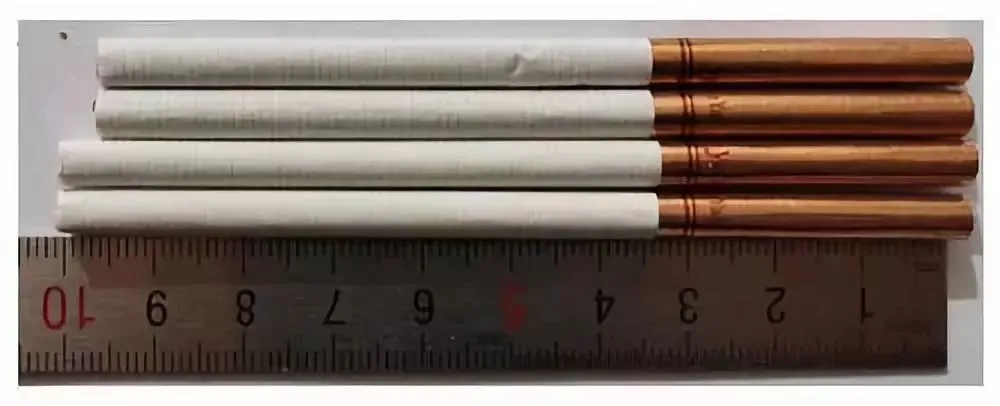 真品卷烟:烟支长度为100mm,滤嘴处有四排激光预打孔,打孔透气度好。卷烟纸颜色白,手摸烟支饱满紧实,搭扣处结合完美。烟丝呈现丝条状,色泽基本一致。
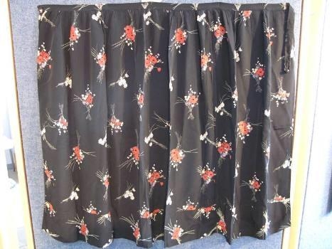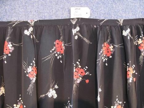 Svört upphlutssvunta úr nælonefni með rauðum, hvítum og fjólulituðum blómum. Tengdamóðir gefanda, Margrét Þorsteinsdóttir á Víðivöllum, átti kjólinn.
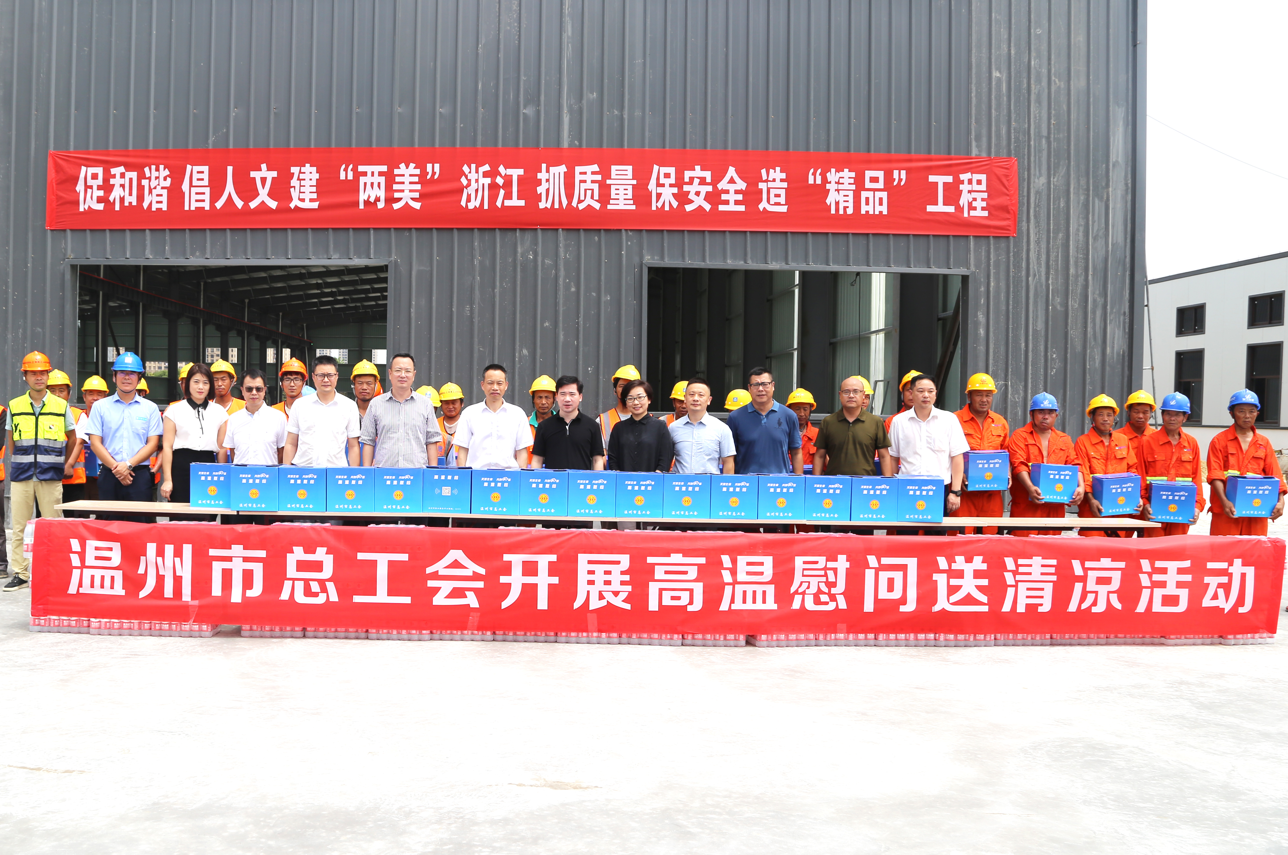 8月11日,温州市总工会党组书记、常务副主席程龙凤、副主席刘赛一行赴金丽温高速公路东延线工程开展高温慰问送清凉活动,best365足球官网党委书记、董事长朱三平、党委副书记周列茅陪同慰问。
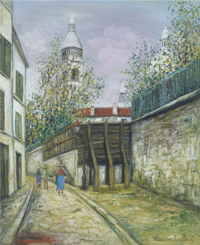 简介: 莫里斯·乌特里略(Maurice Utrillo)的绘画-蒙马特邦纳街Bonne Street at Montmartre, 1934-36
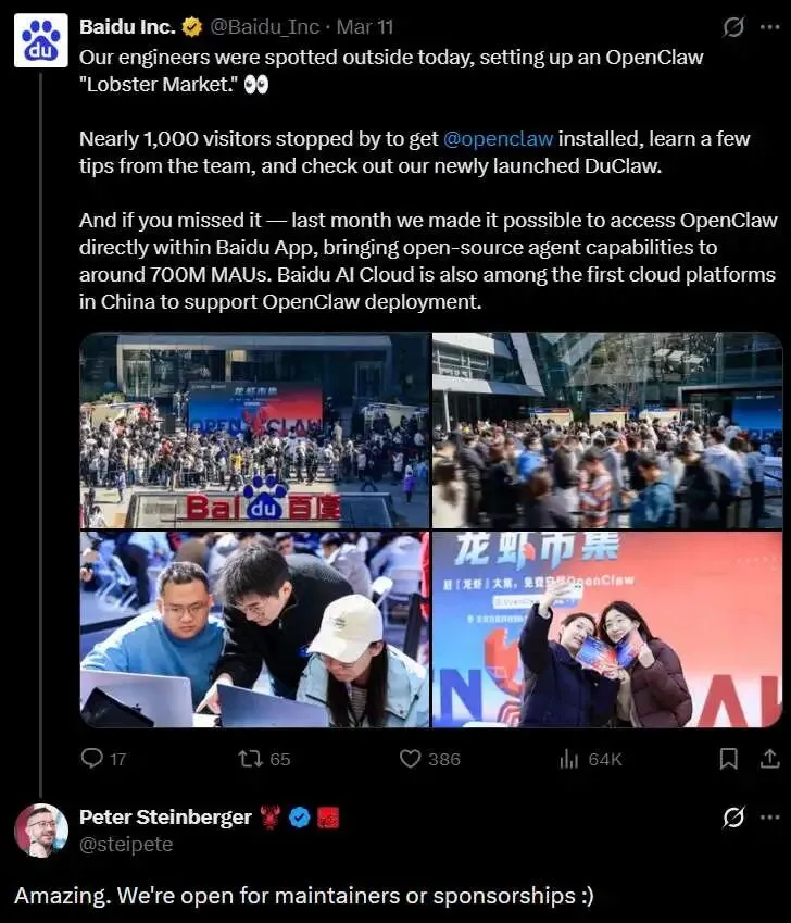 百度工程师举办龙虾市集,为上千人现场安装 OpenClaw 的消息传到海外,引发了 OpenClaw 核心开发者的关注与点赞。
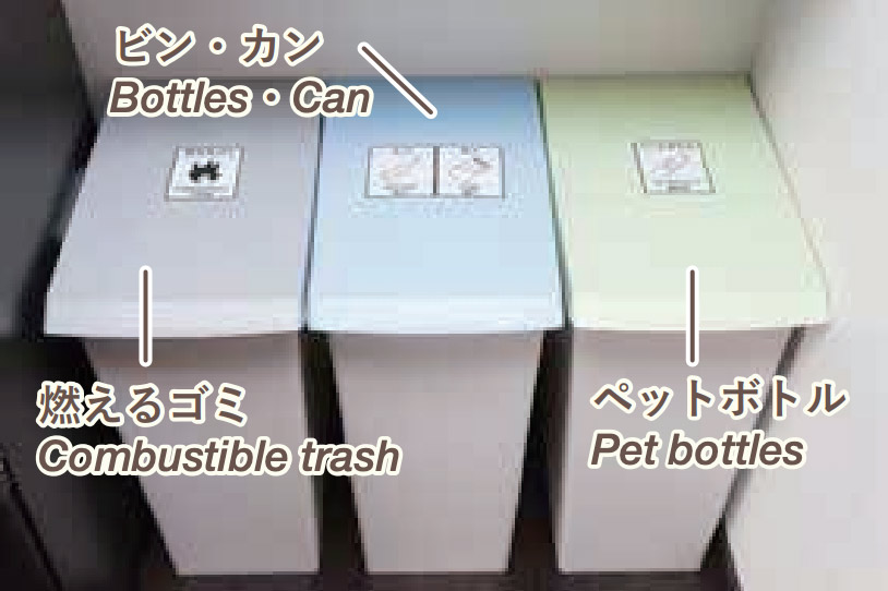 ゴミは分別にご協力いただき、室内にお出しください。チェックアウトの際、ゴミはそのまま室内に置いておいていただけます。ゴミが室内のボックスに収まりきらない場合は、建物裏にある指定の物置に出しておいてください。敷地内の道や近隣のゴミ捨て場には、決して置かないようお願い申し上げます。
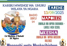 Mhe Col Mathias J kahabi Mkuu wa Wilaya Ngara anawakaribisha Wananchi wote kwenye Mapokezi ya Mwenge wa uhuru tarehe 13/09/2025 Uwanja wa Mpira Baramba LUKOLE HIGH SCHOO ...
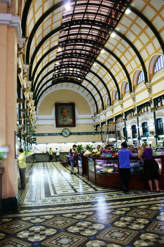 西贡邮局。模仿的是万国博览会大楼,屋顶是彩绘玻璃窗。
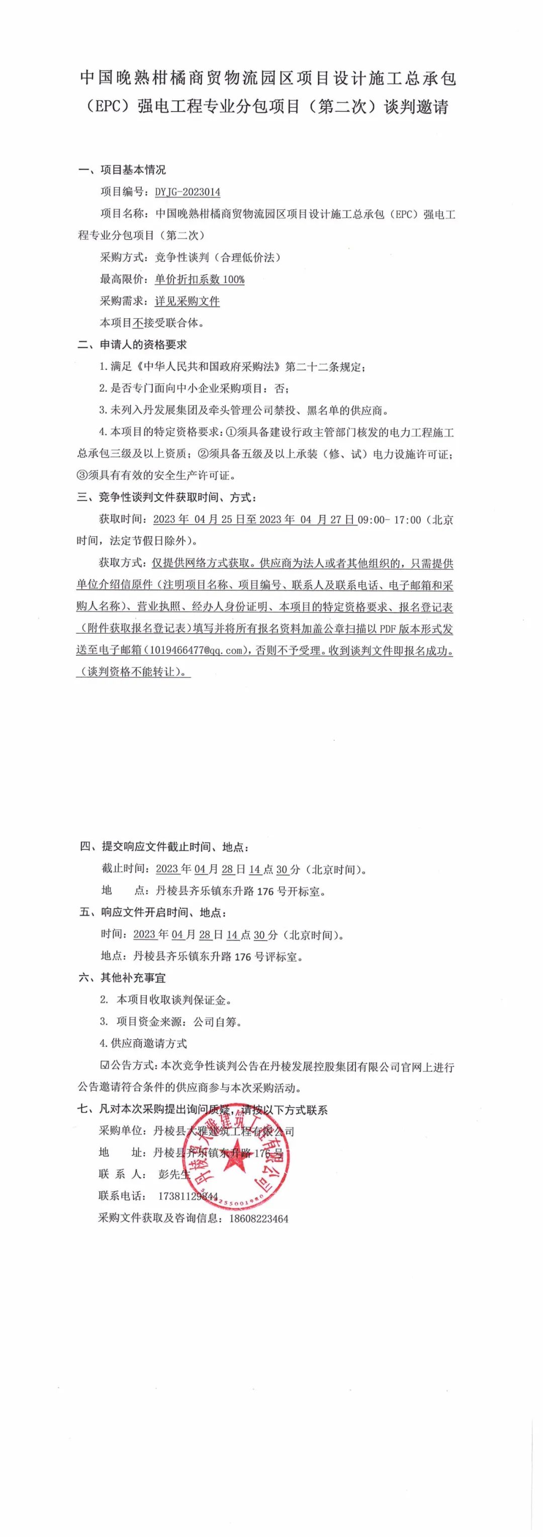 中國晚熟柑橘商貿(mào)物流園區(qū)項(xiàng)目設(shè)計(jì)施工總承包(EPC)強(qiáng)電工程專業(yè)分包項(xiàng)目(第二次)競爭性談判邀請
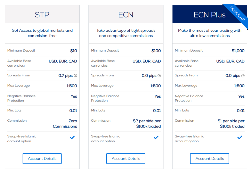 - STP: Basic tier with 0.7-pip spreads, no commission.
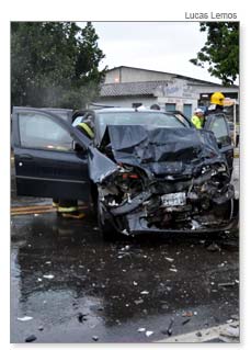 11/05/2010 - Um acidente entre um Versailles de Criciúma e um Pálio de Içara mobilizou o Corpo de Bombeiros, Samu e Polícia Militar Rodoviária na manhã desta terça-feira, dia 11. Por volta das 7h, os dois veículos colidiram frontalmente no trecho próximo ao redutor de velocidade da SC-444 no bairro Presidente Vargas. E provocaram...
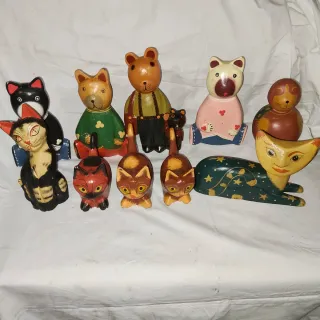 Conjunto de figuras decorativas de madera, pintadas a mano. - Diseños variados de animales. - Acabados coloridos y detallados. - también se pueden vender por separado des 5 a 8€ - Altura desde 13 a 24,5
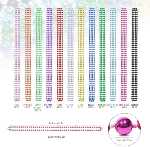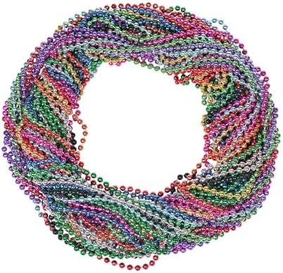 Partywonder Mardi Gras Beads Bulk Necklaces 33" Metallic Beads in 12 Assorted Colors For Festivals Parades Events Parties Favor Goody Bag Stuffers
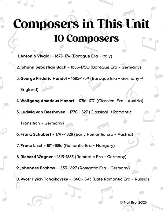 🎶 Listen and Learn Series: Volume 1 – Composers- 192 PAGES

Task prompt:
All of the data is to be transcribed exactly, with images omitted.

Response area:
 真品卷烟:烟支长度为100mm,滤嘴处有四排激光预打孔,打孔透气度好。卷烟纸颜色白,手摸烟支饱满紧实,搭扣处结合完美。烟丝呈现丝条状,色泽基本一致。
 Svört upphlutssvunta úr nælonefni með rauðum, hvítum og fjólulituðum blómum. Tengdamóðir gefanda, Margrét Þorsteinsdóttir á Víðivöllum, átti kjólinn.
 8月11日,温州市总工会党组书记、常务副主席程龙凤、副主席刘赛一行赴金丽温高速公路东延线工程开展高温慰问送清凉活动,best365足球官网党委书记、董事长朱三平、党委副书记周列茅陪同慰问。
 简介: 莫里斯·乌特里略(Maurice Utrillo)的绘画-蒙马特邦纳街Bonne Street at Montmartre, 1934-36
 百度工程师举办龙虾市集,为上千人现场安装 OpenClaw 的消息传到海外,引发了 OpenClaw 核心开发者的关注与点赞。
 ゴミは分別にご協力いただき、室内にお出しください。チェックアウトの際、ゴミはそのまま室内に置いておいていただけます。ゴミが室内のボックスに収まりきらない場合は、建物裏にある指定の物置に出しておいてください。敷地内の道や近隣のゴミ捨て場には、決して置かないようお願い申し上げます。
 Mhe Col Mathias J kahabi Mkuu wa Wilaya Ngara anawakaribisha Wananchi wote kwenye Mapokezi ya Mwenge wa uhuru tarehe 13/09/2025 Uwanja wa Mpira Baramba LUKOLE HIGH SCHOO ...
 西贡邮局。模仿的是万国博览会大楼,屋顶是彩绘玻璃窗。
 中國晚熟柑橘商貿(mào)物流園區(qū)項(xiàng)目設(shè)計(jì)施工總承包(EPC)強(qiáng)電工程專業(yè)分包項(xiàng)目(第二次)競爭性談判邀請
 - STP: Basic tier with 0.7-pip spreads, no commission.
 11/05/2010 - Um acidente entre um Versailles de Criciúma e um Pálio de Içara mobilizou o Corpo de Bombeiros, Samu e Polícia Militar Rodoviária na manhã desta terça-feira, dia 11. Por volta das 7h, os dois veículos colidiram frontalmente no trecho próximo ao redutor de velocidade da SC-444 no bairro Presidente Vargas. E provocaram...
 Conjunto de figuras decorativas de madera, pintadas a mano. - Diseños variados de animales. - Acabados coloridos y detallados. - también se pueden vender por separado des 5 a 8€ - Altura desde 13 a 24,5
 Partywonder Mardi Gras Beads Bulk Necklaces 33" Metallic Beads in 12 Assorted Colors For Festivals Parades Events Parties Favor Goody Bag Stuffers
 🎶 Listen and Learn Series: Volume 1 – Composers- 192 PAGES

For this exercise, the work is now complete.